There is no way to play this game and not feel like a dirty, crusty, leering old man. "Hey, sweetheart, how about I give you this piece of gum and then we go make the beast with two backs out in my van? Don't you like my sweet cyborg arm? Just keep saying the same dumb platitudes over and over again, conveniently looking away so I can stare at your panties through your dress."
Before your eyes fall out of your head and you pull a muscle screaming "But Hayden, it's a video game," or "it's satire," well, save your voice. I hear you, loud and clear. Games aren't always serious business. I enjoy many things that are beyond the pale, or on the shadier side of that gray line. I love The Fast and the Furious movies. Some may say that's hypocrisy. I say it's drawing a line. A man's gotta have a code.
Not only that, I actually fought to get Killer Is Dead on our reviews docket, though I had absolutely zero knowledge of what the game would be. It almost got cut from our reviews calendar and I said, "Suda51? Nah, we have to review his games. That guy did Killer7!"
I didn't know about Gigolo Mode. I went in blind.
I do not enjoy Killer is Dead. It is the line I refuse to cross. It is trashy. It is gross. It is pandering. I do not think it goes far enough to be satire. Good satire is clever. Good satire is challenging. This is neither.
I would feel ashamed if my parents (or anybody who's relatively unfamiliar with games) saw me playing Killer is Dead and thought it was representative of my hobby. End of story.
And you know what, I'd feel bad if Killer is Dead was actually fun to play. That level of cognitive dissonance would probably crack my skull in half. How could I review a game that was so utterly tone-deaf on one end but also so much fun to play? I couldn't! It would be impossible!

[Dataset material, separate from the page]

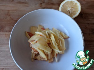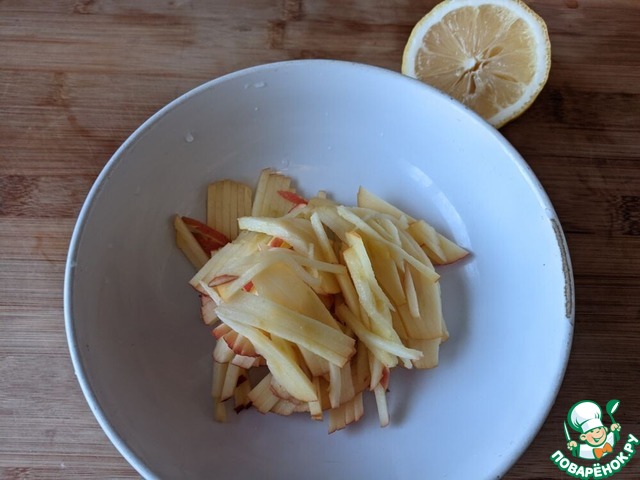 Яблоко режем тонкими полосками или трём на тёрке, сбрызгиваем соком лимона.

Luckily, Killer is Dead is not fun to play.
When you take a break from leering at women and trying to parse the dumb-as-dirt plot, you have to actually play through the game's poor hack-n-slash combat. One button attacks with your sword. Another button punches people with your arm to break their defense. A third button blocks. Triggers use your gun (or other, fairly useless unlockable weapons).
On the Xbox 360, the winning combo looks something like this: X (basic attack)-X-X-X-X-X-X-Y (to break defense)-B (to dash)-X-X-X-X-X-X-X-X—oh, they're already dead and I stopped paying attention.